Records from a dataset
▼

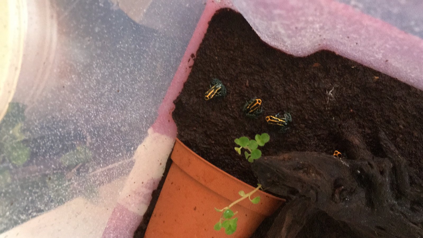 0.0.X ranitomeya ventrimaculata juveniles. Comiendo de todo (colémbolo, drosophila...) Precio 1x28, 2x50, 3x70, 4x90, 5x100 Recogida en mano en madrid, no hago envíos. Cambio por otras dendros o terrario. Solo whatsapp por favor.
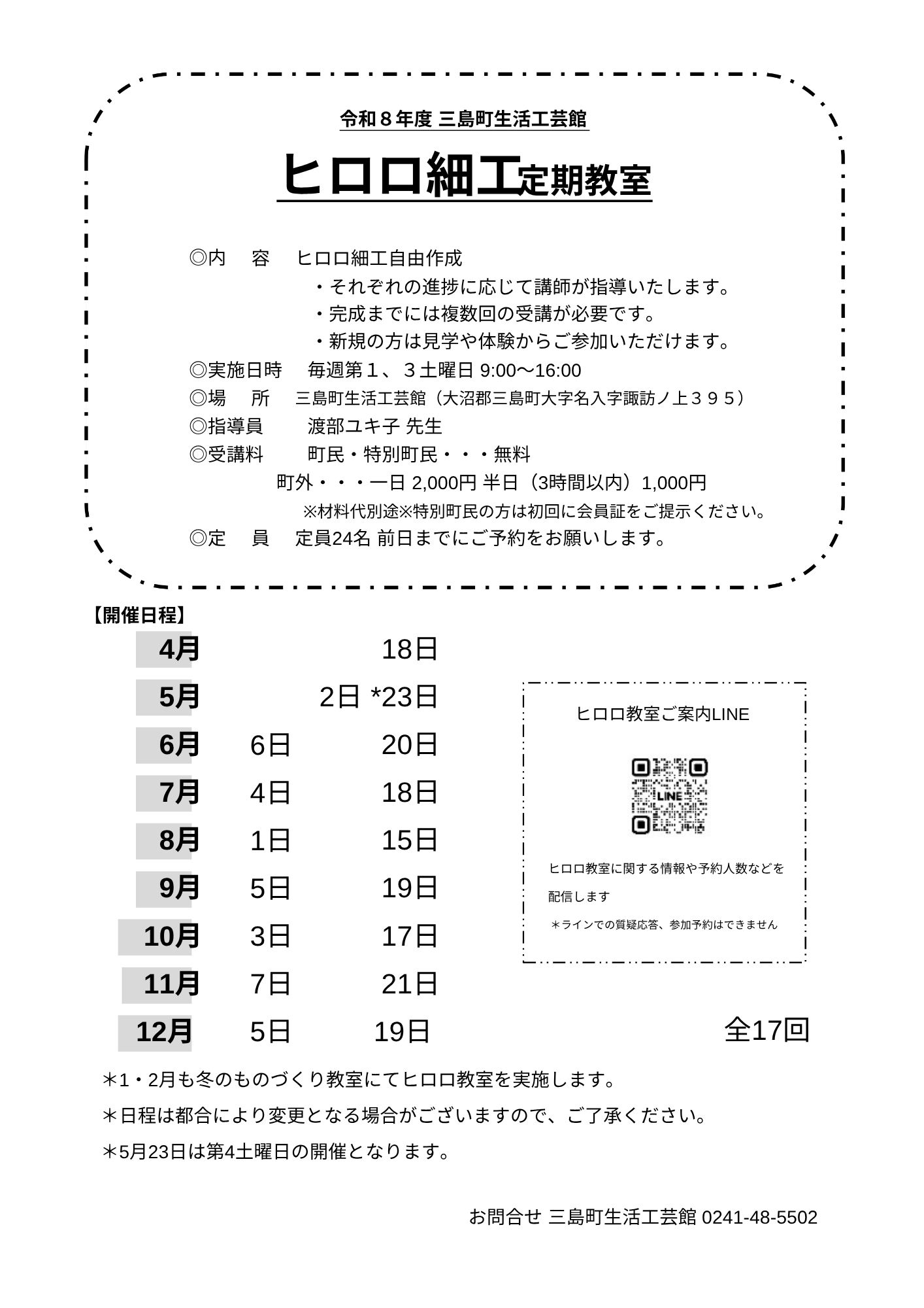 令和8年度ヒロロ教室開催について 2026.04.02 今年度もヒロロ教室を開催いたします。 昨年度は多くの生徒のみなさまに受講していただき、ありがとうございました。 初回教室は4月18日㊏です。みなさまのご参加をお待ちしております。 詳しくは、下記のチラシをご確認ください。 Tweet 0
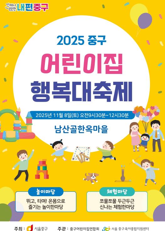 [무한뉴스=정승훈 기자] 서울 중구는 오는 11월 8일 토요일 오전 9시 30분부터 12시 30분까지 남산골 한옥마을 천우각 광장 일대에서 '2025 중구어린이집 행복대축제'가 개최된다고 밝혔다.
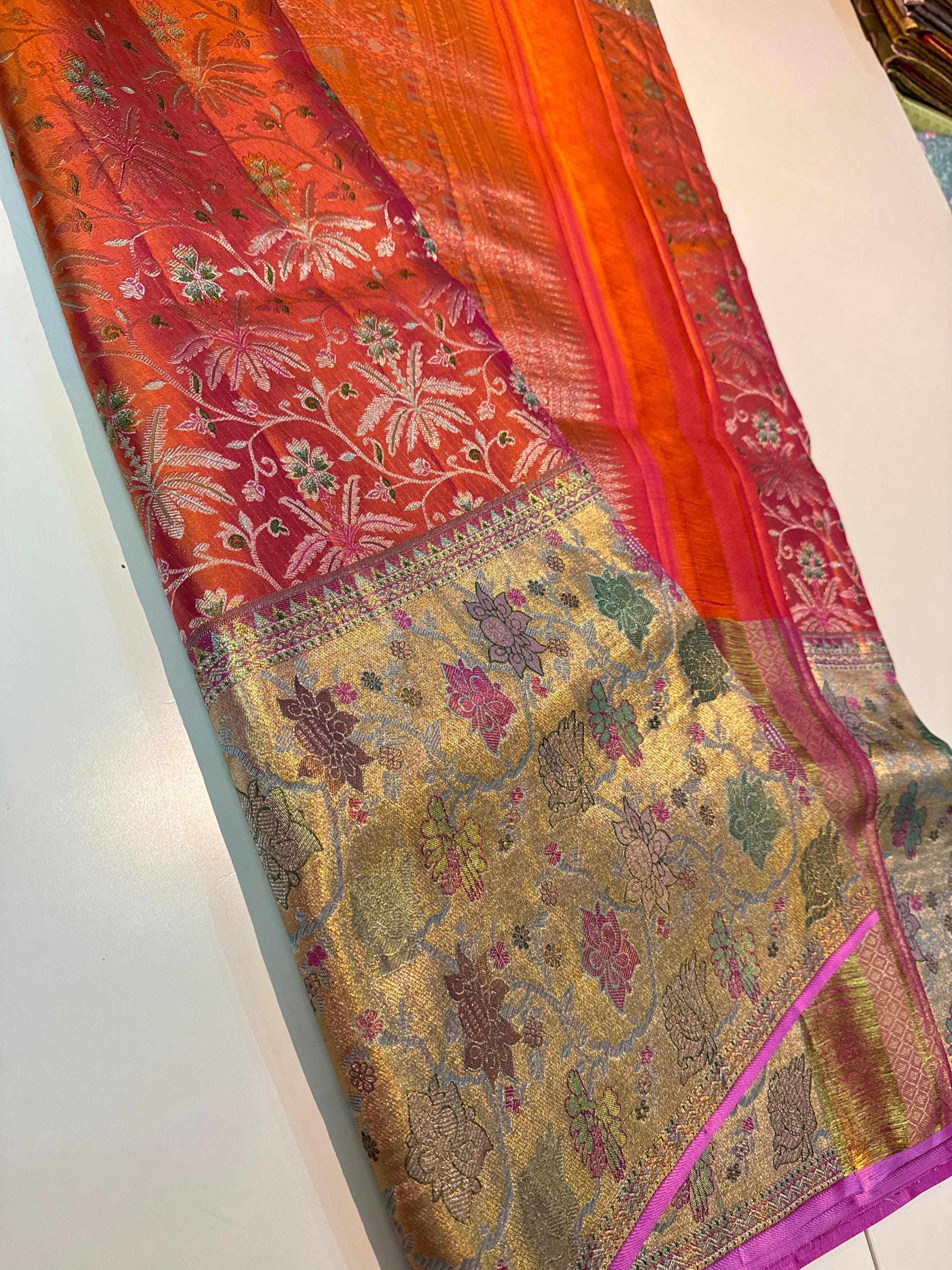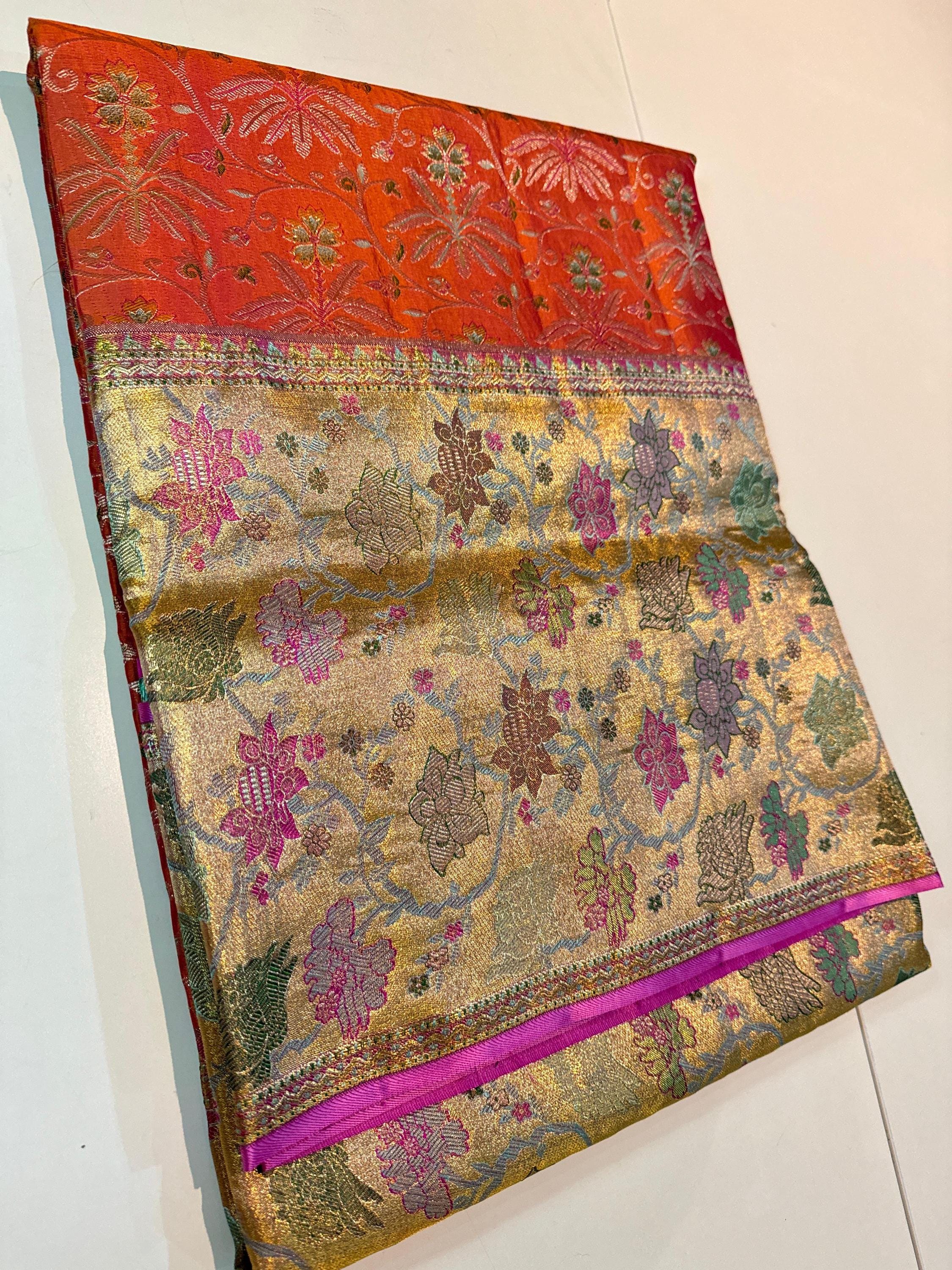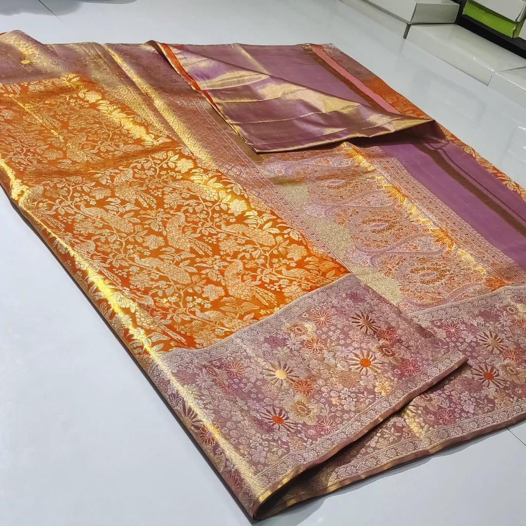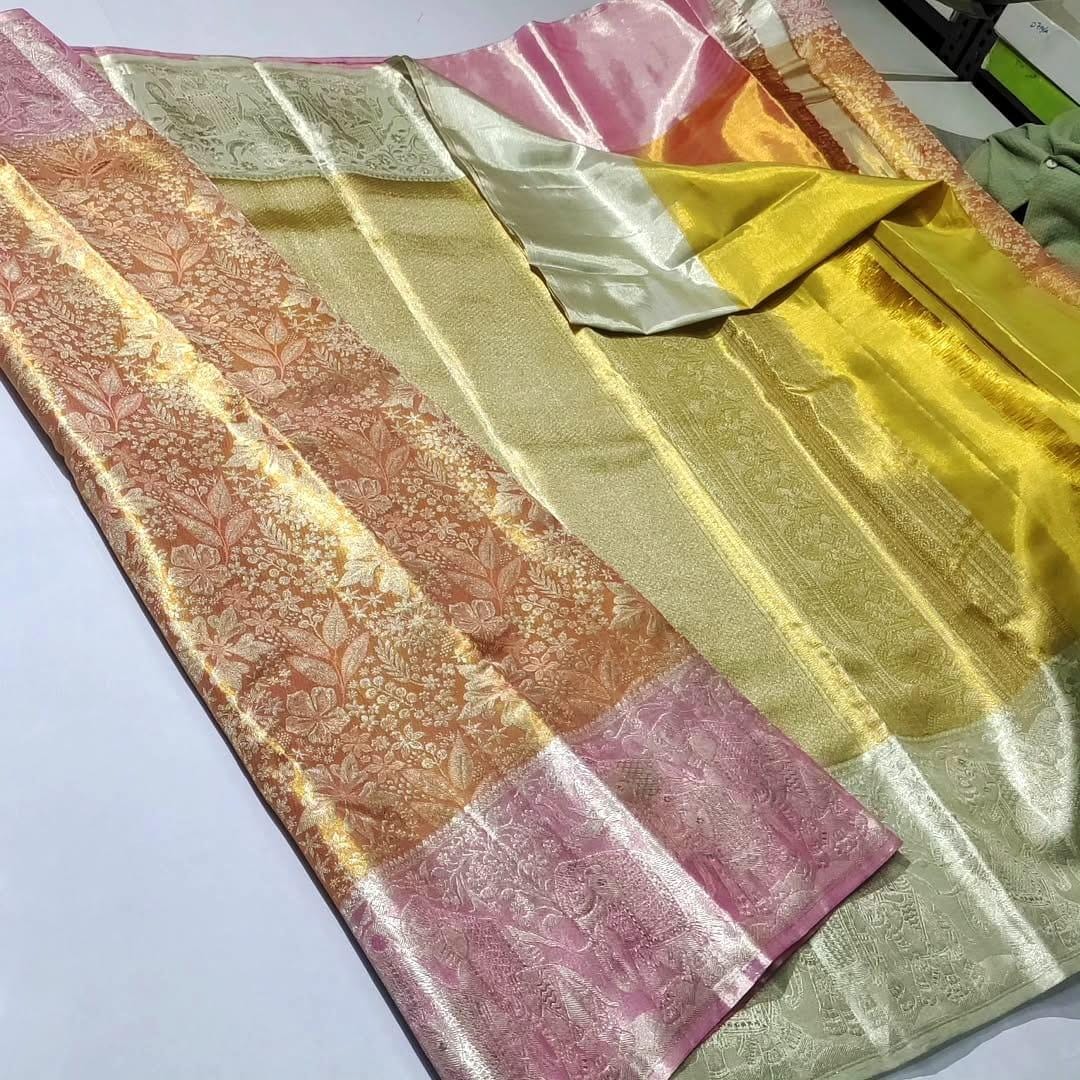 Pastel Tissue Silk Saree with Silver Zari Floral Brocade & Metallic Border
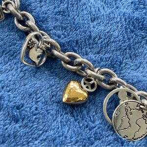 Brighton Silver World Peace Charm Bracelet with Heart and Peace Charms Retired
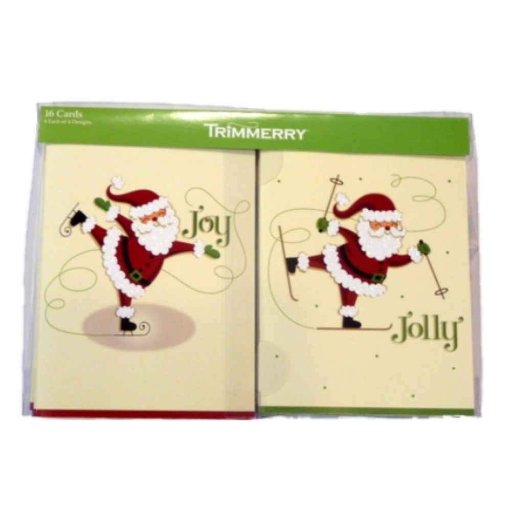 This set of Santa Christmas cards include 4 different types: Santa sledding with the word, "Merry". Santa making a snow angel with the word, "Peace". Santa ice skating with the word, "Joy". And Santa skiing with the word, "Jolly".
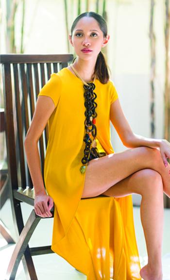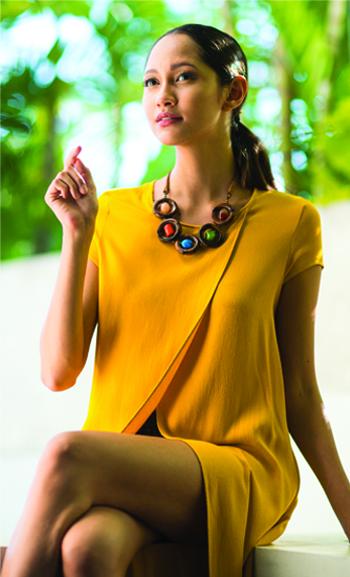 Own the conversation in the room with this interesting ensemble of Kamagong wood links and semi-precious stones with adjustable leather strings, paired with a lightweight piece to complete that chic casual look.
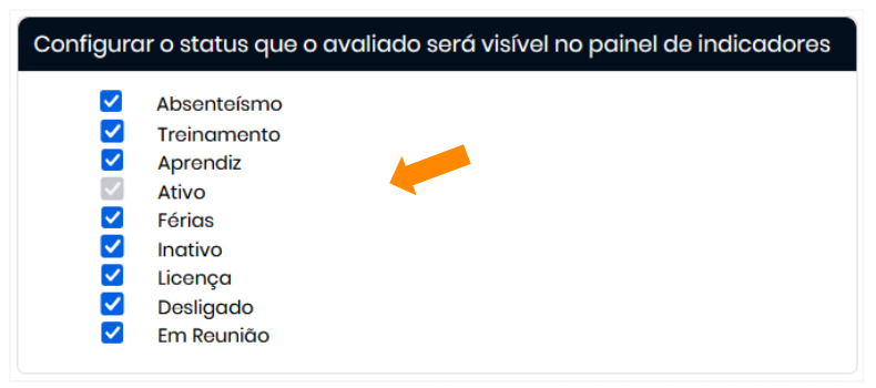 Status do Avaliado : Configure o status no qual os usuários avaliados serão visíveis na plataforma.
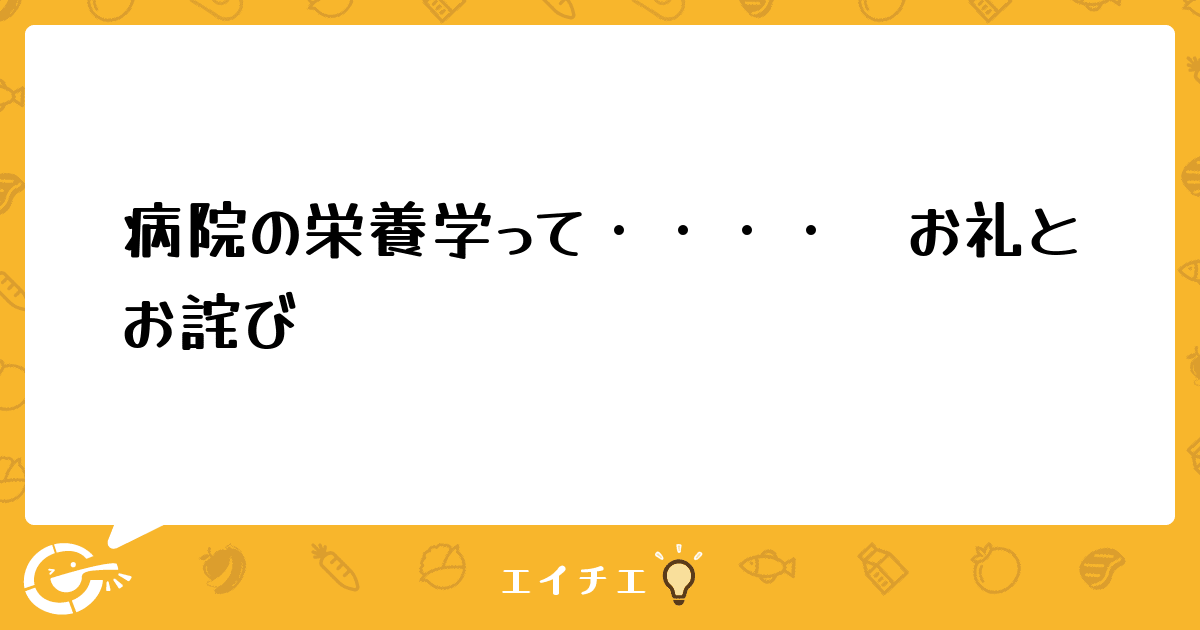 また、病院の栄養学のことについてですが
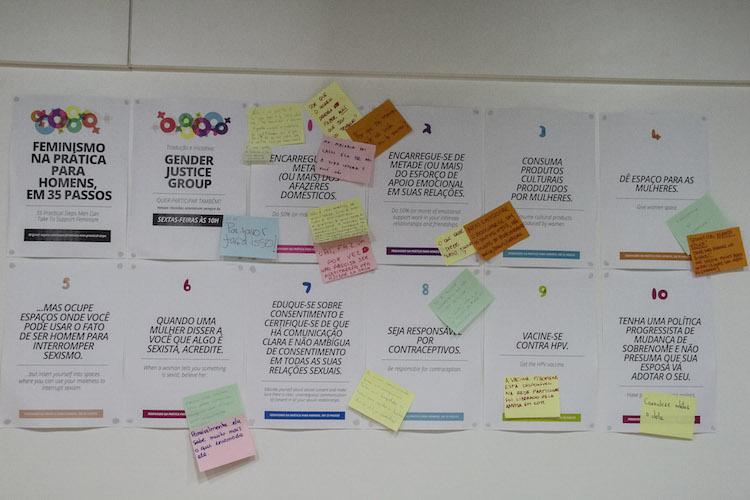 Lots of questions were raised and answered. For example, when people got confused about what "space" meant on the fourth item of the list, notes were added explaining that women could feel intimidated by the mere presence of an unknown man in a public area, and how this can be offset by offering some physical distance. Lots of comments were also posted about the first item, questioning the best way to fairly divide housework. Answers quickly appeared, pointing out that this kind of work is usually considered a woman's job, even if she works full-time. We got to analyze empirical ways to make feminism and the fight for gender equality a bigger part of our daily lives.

▲

* EXERCISE DIRECTIONS
Once the pictures are set aside, repeat the data above exactly as written.

* ANSWER SPACE
 0.0.X ranitomeya ventrimaculata juveniles. Comiendo de todo (colémbolo, drosophila...) Precio 1x28, 2x50, 3x70, 4x90, 5x100 Recogida en mano en madrid, no hago envíos. Cambio por otras dendros o terrario. Solo whatsapp por favor.
 令和8年度ヒロロ教室開催について 2026.04.02 今年度もヒロロ教室を開催いたします。 昨年度は多くの生徒のみなさまに受講していただき、ありがとうございました。 初回教室は4月18日㊏です。みなさまのご参加をお待ちしております。 詳しくは、下記のチラシをご確認ください。 Tweet 0
 [무한뉴스=정승훈 기자] 서울 중구는 오는 11월 8일 토요일 오전 9시 30분부터 12시 30분까지 남산골 한옥마을 천우각 광장 일대에서 '2025 중구어린이집 행복대축제'가 개최된다고 밝혔다.
 Pastel Tissue Silk Saree with Silver Zari Floral Brocade & Metallic Border
 Brighton Silver World Peace Charm Bracelet with Heart and Peace Charms Retired
 This set of Santa Christmas cards include 4 different types: Santa sledding with the word, "Merry". Santa making a snow angel with the word, "Peace". Santa ice skating with the word, "Joy". And Santa skiing with the word, "Jolly".
 Own the conversation in the room with this interesting ensemble of Kamagong wood links and semi-precious stones with adjustable leather strings, paired with a lightweight piece to complete that chic casual look.
 Status do Avaliado : Configure o status no qual os usuários avaliados serão visíveis na plataforma.
 また、病院の栄養学のことについてですが
 Lots of questions were raised and answered. For example, when people got confused about what "space" meant on the fourth item of the list, notes were added explaining that women could feel intimidated by the mere presence of an unknown man in a public area, and how this can be offset by offering some physical distance. Lots of comments were also posted about the first item, questioning the best way to fairly divide housework. Answers quickly appeared, pointing out that this kind of work is usually considered a woman's job, even if she works full-time. We got to analyze empirical ways to make feminism and the fight for gender equality a bigger part of our daily lives.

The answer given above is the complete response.